New synthetic biology initiative to boost bioeconomy

4 Sep 2018

The University of Queensland and CSIRO are building a new world-class $4.5 million initiative to boost Australia’s synthetic biology capabilities.

New synthetic biology initiative to boost bio-economy The promising new venture was officially announced today at Customs House in Brisbane by UQ Vice-Chancellor Professor Peter Høj and CSIRO Executive Director for Environment, Energy and Resources Dr Peter Mayfield.

The CSIRO – UQ Synthetic Biology Initiative involves a close collaboration between the CSIRO Synthetic Biology Future Science Platform (SynBioFSP) and UQ’s Australian Institute for Bioengineering and Nanotechnology (AIBN). Together they will develop a collaborative research program based at AIBN that brings together the facilities and expertise of two organisations at the leading edge of this emerging field.

Building on current capabilities, the alliance will recruit new senior synthetic biologists and train a new cohort of synthetic biologists with a focus on industrial bioengineering.

 “Our joint vision is to help create a sustainable, export-oriented biotechnology and bio products sector attracting significant national and international investment, and creating regional, high-value and knowledge-intensive jobs,” said AIBN Director Professor Alan Rowan, adding that the project forms part of a larger AIBN research focus in Advanced Biomanufacturing, which has secured a total investment of $20 million.

CSIRO’s SynBioFSP is a $40 M research and development program with 60 collaborative research projects and over 40 national and international partner organisations. It is positioning Australia to play a role in one of the fastest growing areas of modern science so that we can understand global developments and contribute to advances in areas such as manufacturing, industrial biotechnology, environmental remediation, biosecurity, agriculture and healthcare research.

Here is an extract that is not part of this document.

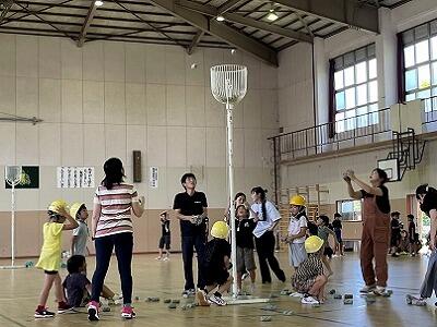 今年のPTAレクリエーションは、なんと、スポーツ玉入れ「 アジャタ」でした。子どもと保護者、そして教職員が一緒に楽しめるレクリエーションとして、役員の皆様が、話し合ってチャレンジしてくださいました。1学年から6学年まで、学年や学級単位のチームで出場しました。練習も本番も、大人も子どもも十分に楽しんでいて、最後の玉が入ると、どのチームもガッツポーズと拍手で喜び合っていました。とても楽しい時間になりました。役員の皆様、そして参加いただいた皆様、ありがとうございました。
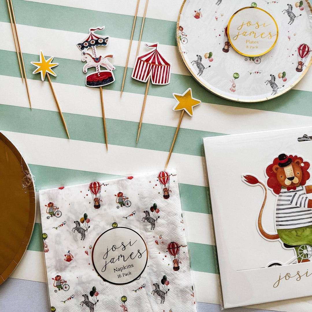 Includes: 2 gold foil stars, 3 carousel toppers, 3 circus tents

Dr Mayfield said synthetic biology was set to drive innovation in many diverse industries.

“Synthetic biology is a rapidly expanding multi-billion dollar industry with significant potential to generate societal benefits and commercial opportunities for Australia,” he said.

Associate Professor Claudia Vickers, who leads CSIRO’s SynBioFSP, agrees. “One of the missions of the Synthetic Biology Future Science Platform is to further develop capacity in synthetic biology across Australia, in a collaborative manner, and to catalyse innovation in this emerging field,” she said. “This new initiative will play an important role in that.”

“AIBN is delighted to be partnering with SynBioFSP,” added Professor Rowan. “AIBN is dedicated to developing new technologies for the benefit of society, and being at the forefront of synthetic biology and industrial biotechnology will enable us to make critical advances needed to meet that goal.”

The UQ-CSIRO Synthetic Biology Initiative was announced at today’s launch of the Australian Council of Learned Academies (ACOLA) road-mapping report into synthetic biology in Australia.

Australia’s Chief Scientist, Dr Alan Finkel AO, commissioned the report on behalf of the Commonwealth Science Council to examine the opportunities and challenges that synthetic biology will present Australia in the coming decade.

“Building consumer trust in the safe development of these technologies is vital,” Dr Finkel said.

“Our high-performing university research sector and our national science flagship, the CSIRO, both bring their reputations for excellence in ethics to that task.”